| WHAT YOU HAVE TO DO |
Would you return the lines between the one holding "Demonstrant anlässlich des" and the one holding "⑧オーダー家具と建具を製造す", inclusive, and only those, exactly as they stand in the listing below?

| SUPPLIED MATERIAL |
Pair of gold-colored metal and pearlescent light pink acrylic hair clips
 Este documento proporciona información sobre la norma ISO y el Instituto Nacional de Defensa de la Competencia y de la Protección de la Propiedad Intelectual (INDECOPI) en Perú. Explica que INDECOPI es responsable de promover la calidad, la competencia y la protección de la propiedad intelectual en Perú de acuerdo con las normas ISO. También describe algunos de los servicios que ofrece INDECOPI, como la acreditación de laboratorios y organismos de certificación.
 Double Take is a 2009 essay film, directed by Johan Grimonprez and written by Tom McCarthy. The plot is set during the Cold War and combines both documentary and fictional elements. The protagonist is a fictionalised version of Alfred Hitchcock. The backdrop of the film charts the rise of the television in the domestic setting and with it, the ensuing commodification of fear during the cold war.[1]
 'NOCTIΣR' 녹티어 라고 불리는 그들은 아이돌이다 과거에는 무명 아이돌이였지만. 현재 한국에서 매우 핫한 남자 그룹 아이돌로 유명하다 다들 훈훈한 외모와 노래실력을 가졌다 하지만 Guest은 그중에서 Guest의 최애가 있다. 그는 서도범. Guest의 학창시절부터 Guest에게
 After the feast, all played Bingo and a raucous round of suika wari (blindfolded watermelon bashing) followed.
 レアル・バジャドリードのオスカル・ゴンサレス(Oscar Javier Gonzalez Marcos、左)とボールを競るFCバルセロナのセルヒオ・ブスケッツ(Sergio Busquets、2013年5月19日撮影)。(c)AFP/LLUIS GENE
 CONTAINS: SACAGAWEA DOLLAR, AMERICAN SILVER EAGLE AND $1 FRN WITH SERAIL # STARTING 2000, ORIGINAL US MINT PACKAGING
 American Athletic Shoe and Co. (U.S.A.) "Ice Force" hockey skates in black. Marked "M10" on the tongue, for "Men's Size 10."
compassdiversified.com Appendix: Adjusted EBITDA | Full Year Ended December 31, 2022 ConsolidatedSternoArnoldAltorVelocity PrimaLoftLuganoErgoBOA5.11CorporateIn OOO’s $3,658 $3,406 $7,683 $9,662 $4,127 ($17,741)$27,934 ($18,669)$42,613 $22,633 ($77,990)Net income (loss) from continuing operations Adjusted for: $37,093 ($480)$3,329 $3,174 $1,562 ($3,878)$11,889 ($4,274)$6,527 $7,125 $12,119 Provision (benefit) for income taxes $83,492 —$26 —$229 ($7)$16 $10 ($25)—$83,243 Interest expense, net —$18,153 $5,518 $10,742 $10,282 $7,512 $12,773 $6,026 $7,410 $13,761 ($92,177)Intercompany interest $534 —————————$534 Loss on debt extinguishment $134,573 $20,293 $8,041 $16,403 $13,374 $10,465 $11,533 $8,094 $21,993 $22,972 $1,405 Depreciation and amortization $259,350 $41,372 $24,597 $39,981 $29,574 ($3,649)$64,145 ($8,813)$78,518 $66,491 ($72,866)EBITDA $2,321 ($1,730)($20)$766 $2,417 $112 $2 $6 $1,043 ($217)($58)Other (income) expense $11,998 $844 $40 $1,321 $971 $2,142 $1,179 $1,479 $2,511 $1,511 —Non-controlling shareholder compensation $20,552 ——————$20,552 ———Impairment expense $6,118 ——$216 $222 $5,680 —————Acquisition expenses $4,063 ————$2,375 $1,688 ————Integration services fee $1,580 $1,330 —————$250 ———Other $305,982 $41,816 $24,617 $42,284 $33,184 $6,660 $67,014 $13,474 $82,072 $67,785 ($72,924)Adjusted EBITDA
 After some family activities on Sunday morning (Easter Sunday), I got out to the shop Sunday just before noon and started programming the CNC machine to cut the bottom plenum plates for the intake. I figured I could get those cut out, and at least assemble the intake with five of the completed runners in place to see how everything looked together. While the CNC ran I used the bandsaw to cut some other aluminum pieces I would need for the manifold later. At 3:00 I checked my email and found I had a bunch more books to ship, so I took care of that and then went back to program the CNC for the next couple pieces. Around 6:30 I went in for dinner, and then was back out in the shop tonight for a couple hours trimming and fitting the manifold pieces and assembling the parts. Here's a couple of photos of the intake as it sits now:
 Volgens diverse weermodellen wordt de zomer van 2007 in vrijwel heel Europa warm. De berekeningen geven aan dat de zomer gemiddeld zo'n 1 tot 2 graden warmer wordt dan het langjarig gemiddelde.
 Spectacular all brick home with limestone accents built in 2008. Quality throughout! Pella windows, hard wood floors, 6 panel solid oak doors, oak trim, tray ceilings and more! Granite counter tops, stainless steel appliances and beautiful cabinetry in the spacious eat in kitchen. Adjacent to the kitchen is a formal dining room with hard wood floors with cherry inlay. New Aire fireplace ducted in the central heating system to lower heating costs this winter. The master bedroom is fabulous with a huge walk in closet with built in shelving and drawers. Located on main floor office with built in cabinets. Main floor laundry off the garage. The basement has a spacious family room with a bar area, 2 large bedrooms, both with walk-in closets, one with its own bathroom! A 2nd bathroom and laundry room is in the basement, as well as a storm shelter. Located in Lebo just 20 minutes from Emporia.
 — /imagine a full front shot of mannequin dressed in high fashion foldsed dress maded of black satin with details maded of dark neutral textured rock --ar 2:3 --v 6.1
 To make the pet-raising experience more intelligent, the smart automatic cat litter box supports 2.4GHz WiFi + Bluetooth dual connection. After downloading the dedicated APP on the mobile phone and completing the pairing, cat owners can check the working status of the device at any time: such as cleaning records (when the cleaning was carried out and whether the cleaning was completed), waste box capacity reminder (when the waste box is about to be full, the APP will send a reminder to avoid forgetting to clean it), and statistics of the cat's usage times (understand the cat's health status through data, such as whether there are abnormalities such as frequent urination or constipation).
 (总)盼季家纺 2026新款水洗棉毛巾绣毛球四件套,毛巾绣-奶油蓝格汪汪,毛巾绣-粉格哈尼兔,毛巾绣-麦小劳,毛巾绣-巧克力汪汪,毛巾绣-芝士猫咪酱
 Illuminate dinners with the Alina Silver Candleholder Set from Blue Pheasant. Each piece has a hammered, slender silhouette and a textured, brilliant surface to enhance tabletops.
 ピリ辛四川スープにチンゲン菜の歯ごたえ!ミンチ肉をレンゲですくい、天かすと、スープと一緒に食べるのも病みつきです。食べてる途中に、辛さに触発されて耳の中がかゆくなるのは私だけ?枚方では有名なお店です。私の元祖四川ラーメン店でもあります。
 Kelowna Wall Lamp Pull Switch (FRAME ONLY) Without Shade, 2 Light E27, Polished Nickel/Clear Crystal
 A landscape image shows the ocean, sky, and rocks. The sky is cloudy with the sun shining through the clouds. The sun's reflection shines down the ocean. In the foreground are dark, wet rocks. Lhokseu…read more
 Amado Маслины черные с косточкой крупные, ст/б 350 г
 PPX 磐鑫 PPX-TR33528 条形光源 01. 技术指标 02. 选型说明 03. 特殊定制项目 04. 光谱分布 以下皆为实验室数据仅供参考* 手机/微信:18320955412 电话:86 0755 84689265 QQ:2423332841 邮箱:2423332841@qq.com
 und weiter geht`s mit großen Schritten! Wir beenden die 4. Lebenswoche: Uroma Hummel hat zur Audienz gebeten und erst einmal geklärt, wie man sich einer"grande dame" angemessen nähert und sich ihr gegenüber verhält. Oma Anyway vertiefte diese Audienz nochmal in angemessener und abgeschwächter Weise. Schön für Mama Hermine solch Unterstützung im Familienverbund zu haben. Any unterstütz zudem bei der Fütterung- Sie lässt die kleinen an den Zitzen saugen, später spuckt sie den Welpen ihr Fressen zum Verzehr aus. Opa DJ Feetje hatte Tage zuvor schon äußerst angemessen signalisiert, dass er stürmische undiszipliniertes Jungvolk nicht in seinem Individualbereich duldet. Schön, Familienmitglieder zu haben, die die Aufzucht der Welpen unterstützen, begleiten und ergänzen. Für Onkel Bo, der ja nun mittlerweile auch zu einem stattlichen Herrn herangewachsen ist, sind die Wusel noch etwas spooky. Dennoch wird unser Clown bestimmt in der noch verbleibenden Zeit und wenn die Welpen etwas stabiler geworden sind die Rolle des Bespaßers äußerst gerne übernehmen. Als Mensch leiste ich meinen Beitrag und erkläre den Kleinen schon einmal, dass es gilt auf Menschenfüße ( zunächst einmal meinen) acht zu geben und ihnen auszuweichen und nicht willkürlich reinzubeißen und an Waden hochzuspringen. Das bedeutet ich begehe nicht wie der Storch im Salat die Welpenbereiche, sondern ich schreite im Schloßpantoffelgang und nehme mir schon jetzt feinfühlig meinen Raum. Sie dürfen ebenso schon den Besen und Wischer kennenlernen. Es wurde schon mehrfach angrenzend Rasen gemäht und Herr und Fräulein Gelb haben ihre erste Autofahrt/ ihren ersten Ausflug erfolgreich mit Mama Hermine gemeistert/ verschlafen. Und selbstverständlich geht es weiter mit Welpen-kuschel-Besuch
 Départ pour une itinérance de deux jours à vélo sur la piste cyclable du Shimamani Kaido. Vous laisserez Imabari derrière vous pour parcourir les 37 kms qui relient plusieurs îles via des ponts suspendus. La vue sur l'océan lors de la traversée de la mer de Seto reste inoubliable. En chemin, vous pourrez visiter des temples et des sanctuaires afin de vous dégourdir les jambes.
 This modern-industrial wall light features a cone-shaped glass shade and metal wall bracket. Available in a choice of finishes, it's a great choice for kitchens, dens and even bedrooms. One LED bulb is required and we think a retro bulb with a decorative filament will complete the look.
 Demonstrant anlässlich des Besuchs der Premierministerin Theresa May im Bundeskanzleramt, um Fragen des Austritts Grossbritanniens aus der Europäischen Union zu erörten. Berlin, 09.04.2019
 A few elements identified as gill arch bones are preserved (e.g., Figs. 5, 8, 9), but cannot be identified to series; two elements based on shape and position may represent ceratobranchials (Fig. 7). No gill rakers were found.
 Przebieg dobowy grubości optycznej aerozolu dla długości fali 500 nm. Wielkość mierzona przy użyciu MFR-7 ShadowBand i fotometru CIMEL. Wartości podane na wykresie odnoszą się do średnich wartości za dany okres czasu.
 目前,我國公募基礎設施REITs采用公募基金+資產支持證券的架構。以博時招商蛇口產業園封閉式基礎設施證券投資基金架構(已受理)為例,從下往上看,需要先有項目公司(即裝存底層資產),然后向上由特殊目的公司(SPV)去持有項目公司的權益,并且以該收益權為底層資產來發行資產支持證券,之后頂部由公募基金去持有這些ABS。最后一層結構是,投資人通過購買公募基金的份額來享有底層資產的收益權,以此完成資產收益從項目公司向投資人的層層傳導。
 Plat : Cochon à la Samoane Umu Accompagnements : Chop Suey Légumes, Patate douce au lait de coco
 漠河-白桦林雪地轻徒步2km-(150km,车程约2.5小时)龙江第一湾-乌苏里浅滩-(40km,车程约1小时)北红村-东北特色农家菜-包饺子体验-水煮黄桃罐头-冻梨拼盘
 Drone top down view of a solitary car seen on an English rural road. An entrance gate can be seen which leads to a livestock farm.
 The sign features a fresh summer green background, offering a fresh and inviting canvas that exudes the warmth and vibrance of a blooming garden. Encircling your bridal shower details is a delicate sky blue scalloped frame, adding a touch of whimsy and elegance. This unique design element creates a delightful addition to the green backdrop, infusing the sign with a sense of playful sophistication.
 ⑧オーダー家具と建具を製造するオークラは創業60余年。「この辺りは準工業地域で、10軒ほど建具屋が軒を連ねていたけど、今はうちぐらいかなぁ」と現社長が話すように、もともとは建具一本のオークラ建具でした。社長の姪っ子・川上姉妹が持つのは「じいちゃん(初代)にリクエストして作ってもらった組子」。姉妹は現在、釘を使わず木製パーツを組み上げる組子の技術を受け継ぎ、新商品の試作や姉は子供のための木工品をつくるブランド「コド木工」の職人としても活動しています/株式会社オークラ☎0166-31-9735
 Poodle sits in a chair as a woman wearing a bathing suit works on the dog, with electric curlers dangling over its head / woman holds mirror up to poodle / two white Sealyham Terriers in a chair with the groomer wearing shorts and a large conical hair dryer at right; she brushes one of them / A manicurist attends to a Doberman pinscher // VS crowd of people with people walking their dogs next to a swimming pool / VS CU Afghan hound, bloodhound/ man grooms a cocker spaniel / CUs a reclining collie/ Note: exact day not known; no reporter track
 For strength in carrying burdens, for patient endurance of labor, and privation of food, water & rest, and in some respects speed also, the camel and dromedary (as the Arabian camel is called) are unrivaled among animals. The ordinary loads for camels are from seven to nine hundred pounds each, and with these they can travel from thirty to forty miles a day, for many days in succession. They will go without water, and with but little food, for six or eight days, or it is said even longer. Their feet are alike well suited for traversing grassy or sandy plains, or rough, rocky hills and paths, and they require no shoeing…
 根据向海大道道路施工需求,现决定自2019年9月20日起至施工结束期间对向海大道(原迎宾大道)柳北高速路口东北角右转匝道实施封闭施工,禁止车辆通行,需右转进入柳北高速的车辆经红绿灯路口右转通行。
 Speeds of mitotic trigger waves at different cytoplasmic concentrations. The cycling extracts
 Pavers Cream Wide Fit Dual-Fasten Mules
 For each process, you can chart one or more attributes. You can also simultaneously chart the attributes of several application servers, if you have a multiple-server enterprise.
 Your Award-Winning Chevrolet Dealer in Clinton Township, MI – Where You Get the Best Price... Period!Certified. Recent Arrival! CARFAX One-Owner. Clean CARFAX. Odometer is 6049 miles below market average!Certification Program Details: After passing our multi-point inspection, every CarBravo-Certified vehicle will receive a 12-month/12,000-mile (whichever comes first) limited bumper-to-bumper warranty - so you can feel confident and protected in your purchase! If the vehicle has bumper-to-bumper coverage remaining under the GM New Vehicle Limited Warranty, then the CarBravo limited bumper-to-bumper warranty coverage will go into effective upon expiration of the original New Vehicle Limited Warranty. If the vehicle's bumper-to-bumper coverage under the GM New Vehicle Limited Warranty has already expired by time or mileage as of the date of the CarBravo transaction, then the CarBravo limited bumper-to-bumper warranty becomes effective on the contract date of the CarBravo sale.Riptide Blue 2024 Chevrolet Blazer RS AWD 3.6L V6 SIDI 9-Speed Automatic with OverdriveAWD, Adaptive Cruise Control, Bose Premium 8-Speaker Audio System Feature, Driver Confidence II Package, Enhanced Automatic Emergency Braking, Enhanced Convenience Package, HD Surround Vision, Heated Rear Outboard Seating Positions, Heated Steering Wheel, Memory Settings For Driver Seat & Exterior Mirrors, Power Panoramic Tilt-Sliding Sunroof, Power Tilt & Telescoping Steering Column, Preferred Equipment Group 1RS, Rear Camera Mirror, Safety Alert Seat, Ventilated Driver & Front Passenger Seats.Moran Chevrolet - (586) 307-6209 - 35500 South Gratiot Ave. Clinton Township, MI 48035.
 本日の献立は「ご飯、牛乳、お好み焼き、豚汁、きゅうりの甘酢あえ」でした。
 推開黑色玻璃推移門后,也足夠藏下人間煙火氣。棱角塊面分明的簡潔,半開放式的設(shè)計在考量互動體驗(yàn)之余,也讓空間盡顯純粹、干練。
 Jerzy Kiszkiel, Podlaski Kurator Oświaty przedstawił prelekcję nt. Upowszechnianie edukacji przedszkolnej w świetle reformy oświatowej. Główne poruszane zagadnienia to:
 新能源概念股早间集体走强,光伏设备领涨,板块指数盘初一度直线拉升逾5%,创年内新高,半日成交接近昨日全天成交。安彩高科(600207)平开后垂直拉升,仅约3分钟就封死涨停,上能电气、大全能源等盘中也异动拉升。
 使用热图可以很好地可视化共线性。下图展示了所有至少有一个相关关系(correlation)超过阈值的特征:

| OUTPUT FOR THIS TASK |
 Demonstrant anlässlich des Besuchs der Premierministerin Theresa May im Bundeskanzleramt, um Fragen des Austritts Grossbritanniens aus der Europäischen Union zu erörten. Berlin, 09.04.2019
 A few elements identified as gill arch bones are preserved (e.g., Figs. 5, 8, 9), but cannot be identified to series; two elements based on shape and position may represent ceratobranchials (Fig. 7). No gill rakers were found.
 Przebieg dobowy grubości optycznej aerozolu dla długości fali 500 nm. Wielkość mierzona przy użyciu MFR-7 ShadowBand i fotometru CIMEL. Wartości podane na wykresie odnoszą się do średnich wartości za dany okres czasu.
 目前,我國公募基礎設施REITs采用公募基金+資產支持證券的架構。以博時招商蛇口產業園封閉式基礎設施證券投資基金架構(已受理)為例,從下往上看,需要先有項目公司(即裝存底層資產),然后向上由特殊目的公司(SPV)去持有項目公司的權益,并且以該收益權為底層資產來發行資產支持證券,之后頂部由公募基金去持有這些ABS。最后一層結構是,投資人通過購買公募基金的份額來享有底層資產的收益權,以此完成資產收益從項目公司向投資人的層層傳導。
 Plat : Cochon à la Samoane Umu Accompagnements : Chop Suey Légumes, Patate douce au lait de coco
 漠河-白桦林雪地轻徒步2km-(150km,车程约2.5小时)龙江第一湾-乌苏里浅滩-(40km,车程约1小时)北红村-东北特色农家菜-包饺子体验-水煮黄桃罐头-冻梨拼盘
 Drone top down view of a solitary car seen on an English rural road. An entrance gate can be seen which leads to a livestock farm.
 The sign features a fresh summer green background, offering a fresh and inviting canvas that exudes the warmth and vibrance of a blooming garden. Encircling your bridal shower details is a delicate sky blue scalloped frame, adding a touch of whimsy and elegance. This unique design element creates a delightful addition to the green backdrop, infusing the sign with a sense of playful sophistication.
 ⑧オーダー家具と建具を製造するオークラは創業60余年。「この辺りは準工業地域で、10軒ほど建具屋が軒を連ねていたけど、今はうちぐらいかなぁ」と現社長が話すように、もともとは建具一本のオークラ建具でした。社長の姪っ子・川上姉妹が持つのは「じいちゃん(初代)にリクエストして作ってもらった組子」。姉妹は現在、釘を使わず木製パーツを組み上げる組子の技術を受け継ぎ、新商品の試作や姉は子供のための木工品をつくるブランド「コド木工」の職人としても活動しています/株式会社オークラ☎0166-31-9735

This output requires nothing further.